Just let this last one be as uneventful as all the rest.

Lil Cheng gripped the controls against the familiar bump of landing—a bad habit she’d never managed to break in thirty years of occasionally piloting a shuttle. Which was probably why they’d kicked her upstairs to skipper the freighter where she could do less damage.

The experience with the wreck had left her edgy. She’d spent two hours on the bridge afterward while Sky Selele queried CenCom. But the Central Computer back on Earth knew nothing about the alien ship or its fate. And it hadn’t been willing to speculate. “Is it worth the risk for us?” she’d asked. “A few baubles in exchange for our lives, if whoever slaughtered that ship comes hunting?” She failed to be reassured when CenCom refused to cancel their mission.

Carli Alvez had come up with what seemed the only solution under the circumstances. Anyone monitoring the area would expect to see one ship on their screens, not two.

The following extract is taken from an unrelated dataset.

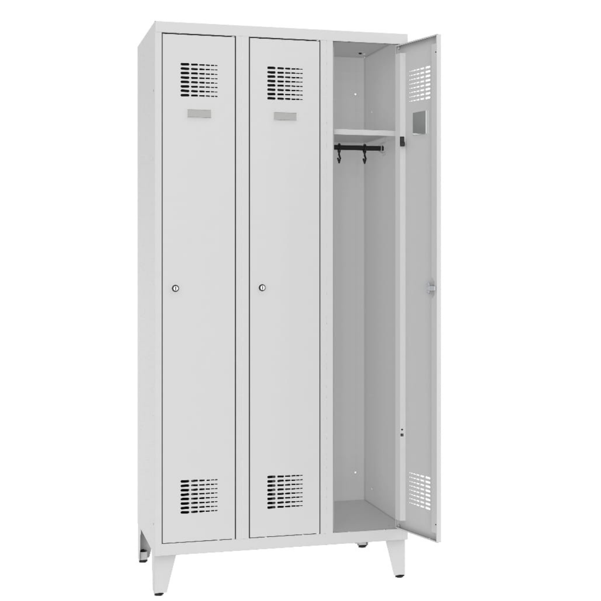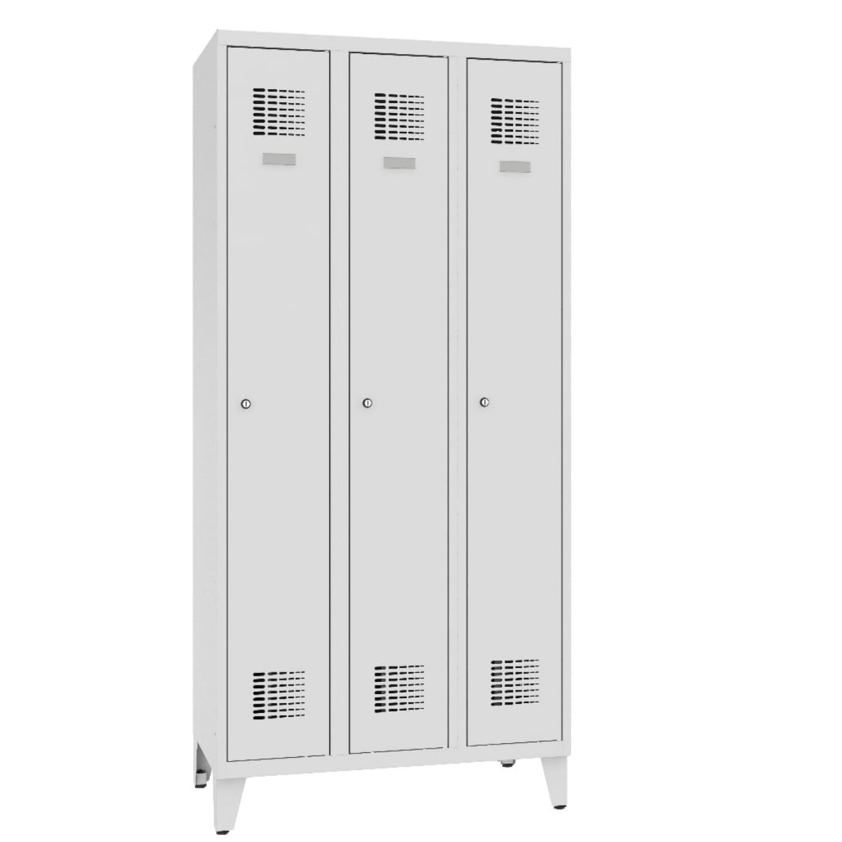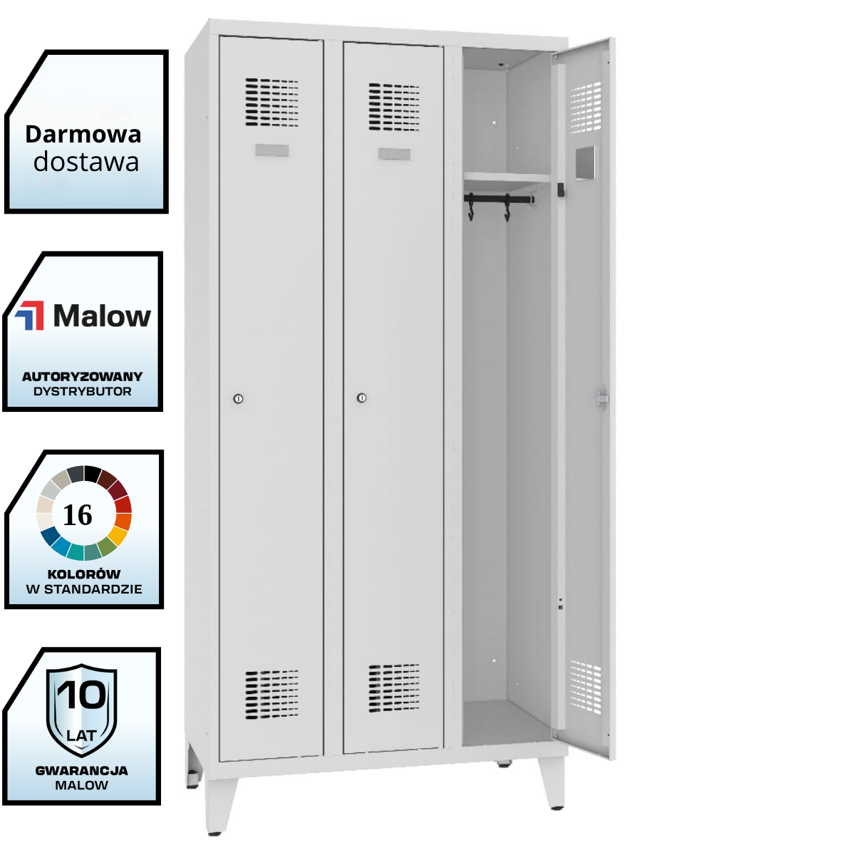 Szafa ubraniowa metalowa trzydrzwiowa na nóżkach Sum 331 W Malow - zamek cylindryczny zamykany w jednym punkcie

So the trick was to hide the Ann Bonny as close to the wreck as possible without triggering any more of the defense systems that might still be operational. Now the two ships rode in uneasy tandem high over Ithaca 3-15d. But anything more than a casual scan would reveal the presence of the living ship in the shadow of the dead one.

Mosquito rocked as the mud under one metal pad gave way, then settled. The door slid open, and the ramp unrolled to the floor of the clearing. In the tangled branches of a clump of tall, spindly, gray trees, which looked like a group of gaunt old women embracing each other, a cacophony of sounds broke out. She saw no movement outside, except for the lazy whirr of a very large lead-colored insect that bumped against the shuttle’s side with mindless patience.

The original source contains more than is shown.